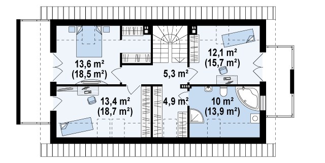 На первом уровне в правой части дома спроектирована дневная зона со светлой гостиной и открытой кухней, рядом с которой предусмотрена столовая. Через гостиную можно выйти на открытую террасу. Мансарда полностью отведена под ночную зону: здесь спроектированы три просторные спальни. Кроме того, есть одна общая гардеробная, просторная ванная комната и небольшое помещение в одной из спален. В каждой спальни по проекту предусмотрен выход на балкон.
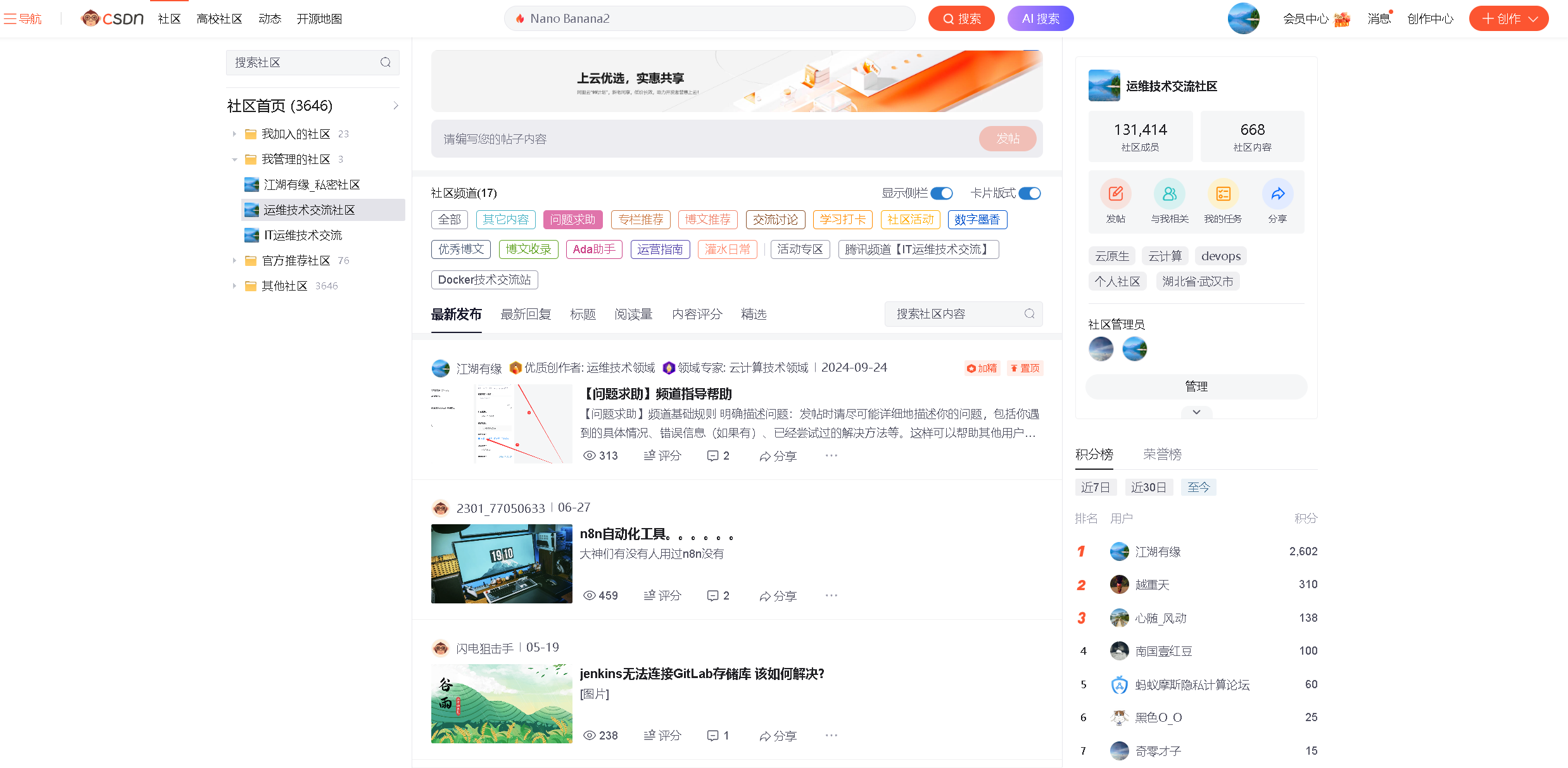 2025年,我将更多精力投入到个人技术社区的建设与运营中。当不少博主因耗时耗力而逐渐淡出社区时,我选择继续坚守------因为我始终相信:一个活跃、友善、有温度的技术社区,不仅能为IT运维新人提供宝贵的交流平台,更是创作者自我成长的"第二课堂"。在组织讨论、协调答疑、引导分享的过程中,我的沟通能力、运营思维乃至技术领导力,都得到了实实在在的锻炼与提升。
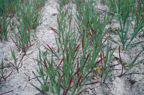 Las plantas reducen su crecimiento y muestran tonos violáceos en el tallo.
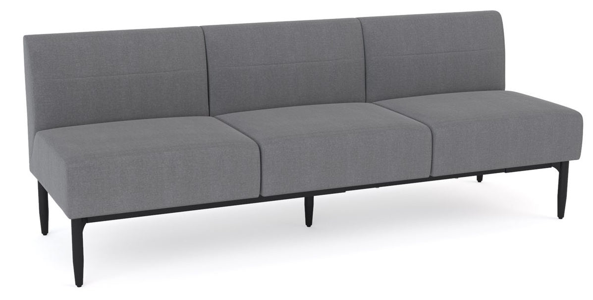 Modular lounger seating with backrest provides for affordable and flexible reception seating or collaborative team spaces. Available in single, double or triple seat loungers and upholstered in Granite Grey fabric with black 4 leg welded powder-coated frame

— EXERCISE PROMPT —
Return all the data exactly, pictures omitted.

— FINISHED TASK —
 На первом уровне в правой части дома спроектирована дневная зона со светлой гостиной и открытой кухней, рядом с которой предусмотрена столовая. Через гостиную можно выйти на открытую террасу. Мансарда полностью отведена под ночную зону: здесь спроектированы три просторные спальни. Кроме того, есть одна общая гардеробная, просторная ванная комната и небольшое помещение в одной из спален. В каждой спальни по проекту предусмотрен выход на балкон.
 2025年,我将更多精力投入到个人技术社区的建设与运营中。当不少博主因耗时耗力而逐渐淡出社区时,我选择继续坚守------因为我始终相信:一个活跃、友善、有温度的技术社区,不仅能为IT运维新人提供宝贵的交流平台,更是创作者自我成长的"第二课堂"。在组织讨论、协调答疑、引导分享的过程中,我的沟通能力、运营思维乃至技术领导力,都得到了实实在在的锻炼与提升。
 Las plantas reducen su crecimiento y muestran tonos violáceos en el tallo.
 Modular lounger seating with backrest provides for affordable and flexible reception seating or collaborative team spaces. Available in single, double or triple seat loungers and upholstered in Granite Grey fabric with black 4 leg welded powder-coated frame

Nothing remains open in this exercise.